RSPというのは、SIMが抜き差しできない状況で、遠隔でSIMを書き換える技術のことを指す。こうした機能自体は以前から提供しているメーカーがある(たとえばアップルのApple SIMなど)が、それぞれ独自の形式でやっていては、キャリアごと、メーカーごとの形式ができてしまい不便だ。そこで携帯通信事業者の業界団体である「GSMA」が世界標準として標準化を行なっており、コンシューマ向けとしては2016年1月にウェアラブル向けのバージョン1が、同年11月にスマートフォン向けのバージョン2が策定済み。今年第2四半期のバージョン3策定に向けて作業が進行しているという。

GSMAが想定する使い方としては、eSIMのQRコードを読み込むとネットに接続してサーバーから設定用のプロファイルをダウンロードし、インストールすることで使えるようになるというものだ。海外旅行などでSIMを購入して差し替えるのが、QRコードを読み込むだけでよくなる、というイメージだ。プロファイルをダウンロードするサーバー(SM-DP+)が適切に見つかるようなサーバー(SM-DS)の元締めとなるルートサーバーをGSMAが昨年9月から提供している。

ちなみに独自方式のAppleなどは、自前で全てのApple SIM対応キャリアのプロファイルを用意しておき、そこから読み込むようにするだけで済むわけだ。
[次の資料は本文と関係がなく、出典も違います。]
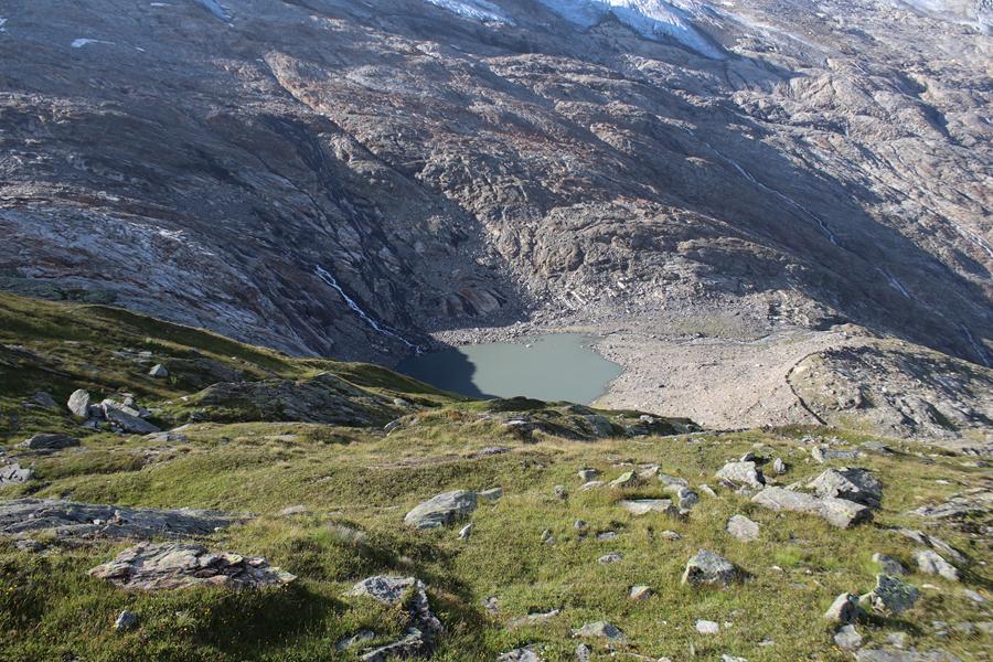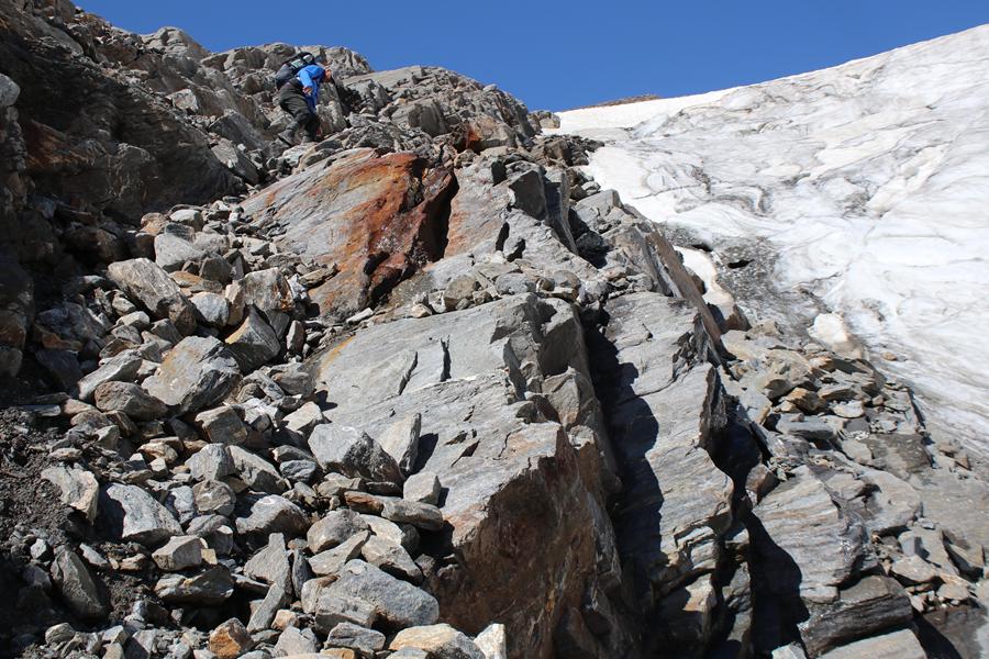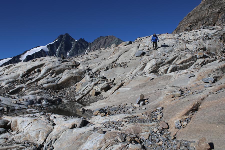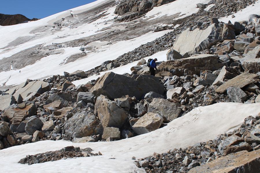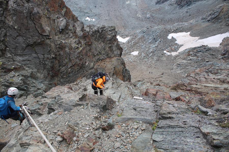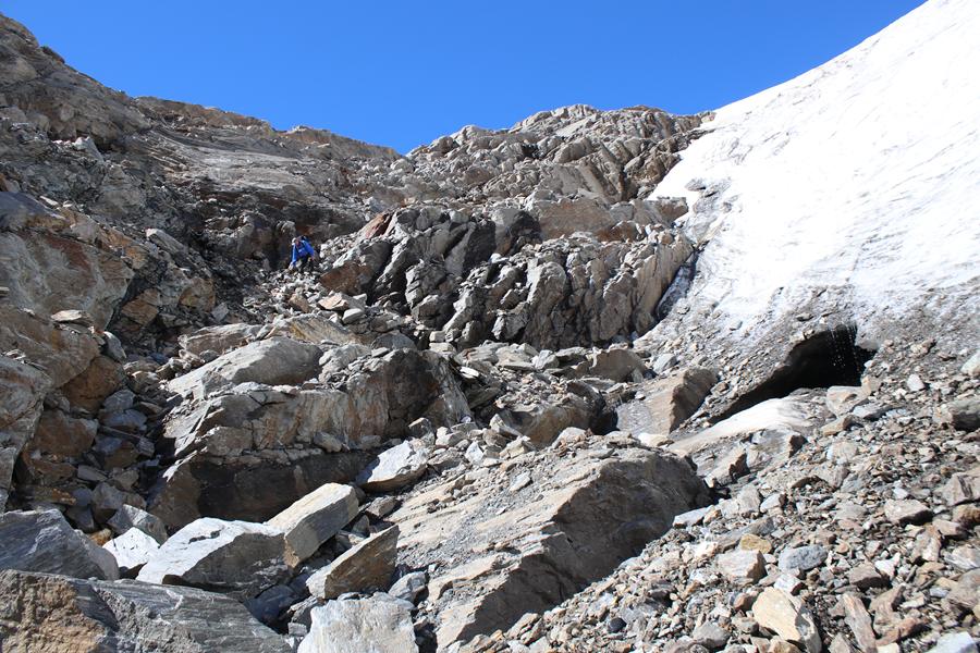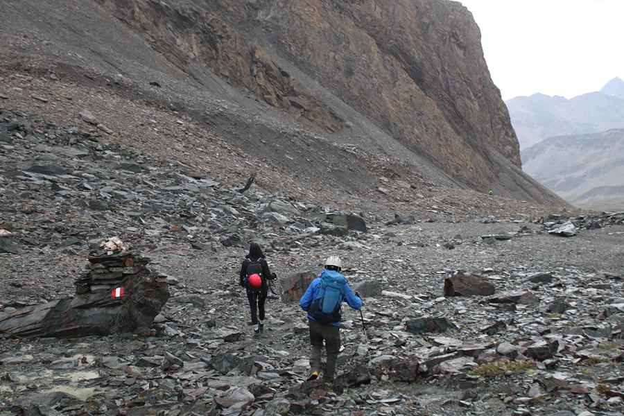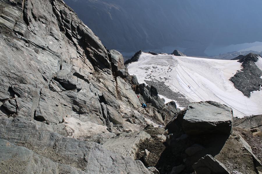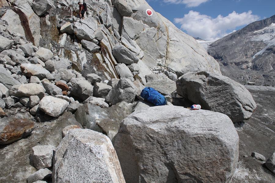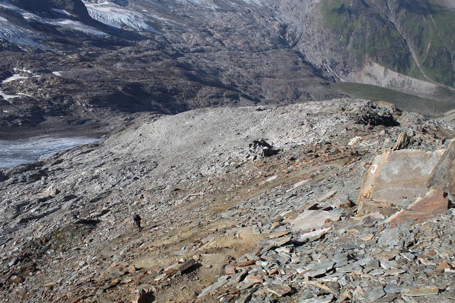 Marco ist einige Meter höher, wir können die Gletscher Ausrüstung ablegen. Etwas Unorthodox das ablegen in dieser Stelle. Bodo müht sich mit der Schlaufe der Eisen. Warte bis er soweit ist bis auch ich ablegen kann. Ein Pickel lehnt an der Wand, sicherlich hat es einen Grund. Humprey steigt zu den anderen auf. Abklopfen der Eisen so gut wie es geht, die Gummi Stöpsel auf die Zacken rein in den Beutel, da Seil ist feucht kommt zum Schluss in den Rucksack. Diese Aktionen kosten Zeit, klar das Wetter wird beobachtet noch hält es. Die Bedienung die aus Holland stammt, ist auf dem Rückweg. Die Route in dieser Schuttflanke ist unerwartet gut, eine große Blaue Metallbox steht am Boden, leichte Kletterei und Gehgelände auch Stangen zum Sichern sind Installiert, kein Wunder auf über 3000 Meter liegt in der Nordseite lange der Schnee. Es sind nur wenige Minuten bis in die Scharte 3183 m, die Wand ist sehr Brüchig daher Steinschlaggefährdet. In einer sehr breiten nicht zu steilen Rinne ist wohl ein Klettersteig Installiert. 13.18 Uhr. Marco ist auf dem Weg nach Unten Alina folgt ihm in dem Sie sich mit dem Gurt sichert. Ein letzter Blick zur Pasterze und der Oberwalder Hütte. Morgen werden wir nach einem langen Tag dort zu Gast sein. Auch Bodo setzt den Gurt ein, ein Fast durchgehendes Tau Holzstufen und Trittklammer die ganze Palette an Hilfsmittel, wie es scheint findet Alina in dieser guten unerwartet sicheren Route gefallen, sieht von der Nutzung des Gurtes ab. Klar Vorsicht wegen der Vorrausgehenden ist Voraussetzung. Die ersten sind unten ausgestiegen es flacht etwas ab. Es quert auf der Linken Seite bis fast an den Felsen. Eine Wand wird über Trittbügel abgestiegen. Eine Schuttpassage ist mit Stufen die an zwei Seile gebunden ist überwunden, Lose die letzten Meter an der Wand entlang, die Anspannung weicht. Warum eine Box vor der Scharte seine Berechtigung besitzt ist nun klar geworden. Während die anderen dem ausgeprägten Weg im Schutt folgen, nütze ich den Weichen Untergrund für einen flotten geradlinigen Abstieg, es quert leicht fallend Östlich, die Rinne wird breiter öffnet sich, hier war einst der Hohenwartkees davon ist nichts mehr übrig, geblieben. Die Orientierung ist ohne Markierungen nicht einfach, mit Weitblick findet sich ein Steinmann. Blöcke Platten Steine teils auf geschliffenen Untergrund, der Ganze Kessel ein Relikt der Erosion diese setzte hier gewaltig zu. Marco legt eine Pause, allzu lange sind wir nicht mehr Unterwegs. Jetzt können wir definitiv die Ausrüstung ablegen. Die Stimmung positiv, liegt das an einem ersten Blaues Loch im Norden. Ein Blick zurück lässt überhaupt nicht erahnen das sich ein so guter Durchstieg findet. Östlich ist nun ein Teil des Gletschers noch erhalten. Große Steinmänner sind Hilfreich, endlich endet dieser Steinbruch. Übergang in erdiges Gelände die ersten Pflanzen finden ihren Lebensraum. Es beginnt zu Tröpfeln der Schirm kommt zum ersten Mal zum Einsatz, das spricht für ein gutes Wetter die letzten Tage, nähern uns dem Schwerteckes die Hütte ist noch immer nicht zu sehen.

対応するキャリアが限られているからこそできる方法といえるだろう。

最後にSIMカードの進化形態としてのeSIMに触れ、中国で実装が進んでいるTEE based SIMや、QualcommがSnapdragonプロセッサに内蔵させようとしているIntegrated SIM(iUICC)などが紹介された。
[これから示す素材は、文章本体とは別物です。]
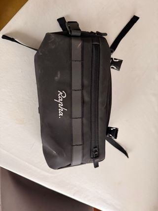 Bolsa negra para manillar de bicicleta de la marca Rapha. Diseño compacto y funcional. - Cierre de cremallera. - Correas de sujeción ajustables. - Logo de Rapha en blanco.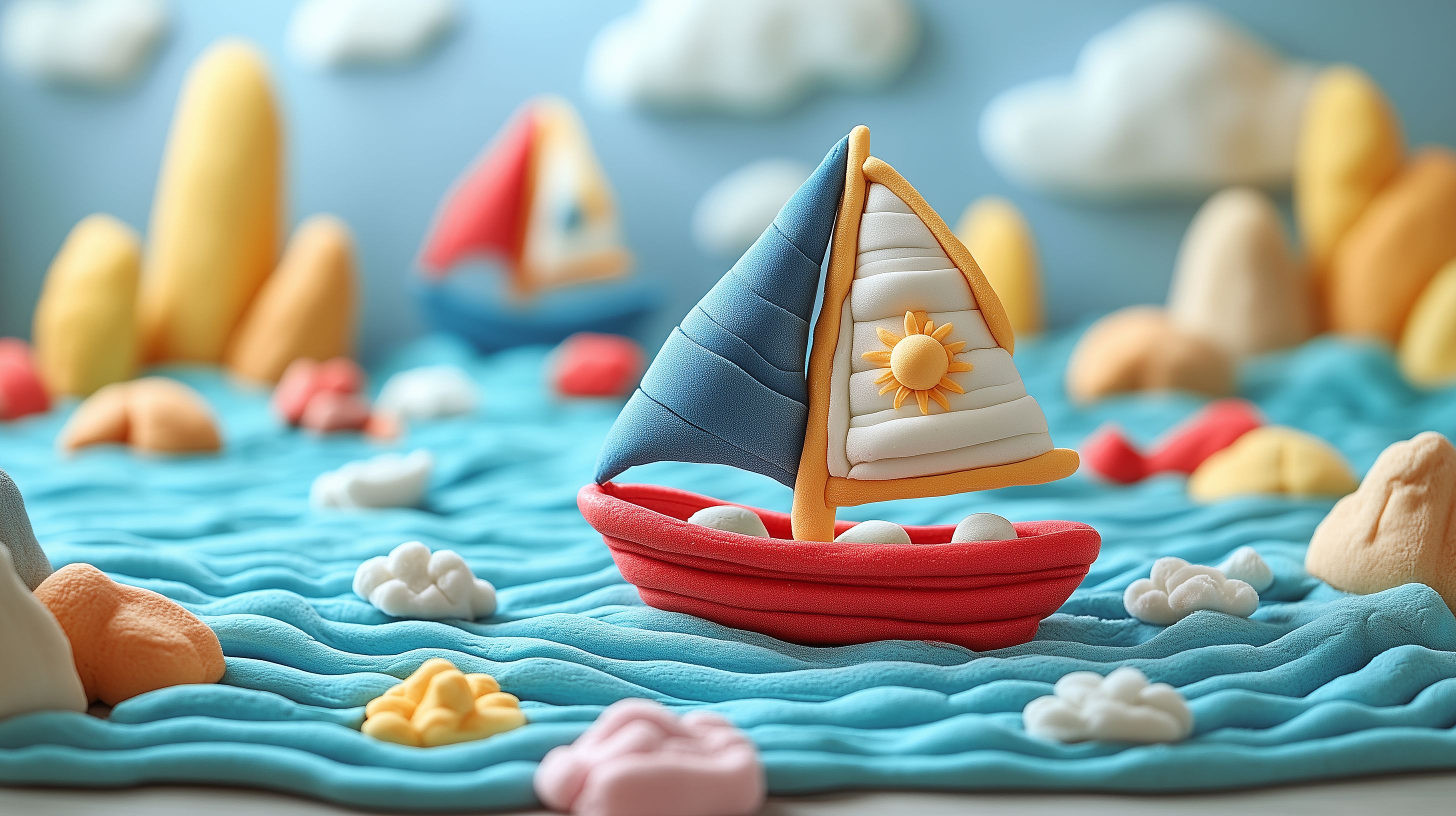 Das Bild zeigt ein kreativ gestaltetes Segelboot aus Knete, das auf einer Wellendarstellung auf einem blauen Hintergrund mit Wolken schwimmt. Das bunte, detailreiche Spielzeug transportiert eine Atmosphäre von Kinderfreude und Fantasie. Die farbenfroh-abstrakte Komposition lässt sich hervorragend als kostenloses Stockfoto in hoher Auflösung für verschiedene Zwecke wie Blog-Beiträge, Newsletter-Illustrationen oder Social-Media-Posts verwenden. Das Bild steht unter der Creative-Commons-Lizenz zur freien Nutzung bereit.

eSIMが普及しても、それは通信速度の改善やSIMのコストダウンといった要件に直接繋がることは少ないだろう。そういう意味ではあまり直接ユーザーと関係する機能ではないかもしれないが、SIMフリースマートフォンの機能として搭載されるようになるのもそう遠い未来の話ではないだろう。

トークセッションの終了後はTwitterや会場からの質問に答えるQ&Aセッションが行われ、IIJmio metting 18は閉会した。

○ユーザーとMVNOの接点になる貴重なイベント

筆者がIIJmio meetingに参加するのは3回目だが、毎回高いレベルの内容を楽しく聞かせてくれるという点では、他に類を見ないイベントだと言える。扱われる話題も業界のトレンドにタイムリーであり、質も量も実に大盛りで濃厚だ。

次回開催は4月の予定。おそらくIIJが予定している「フルMVNO」について、様々な情報が提供されるはずだ。もし興味を持たれた方は、ぜひ次回は参加してみてはいかがだろうか。同時にネット中継も行われているので、遠方の方は雰囲気だけでも味わってみてほしい。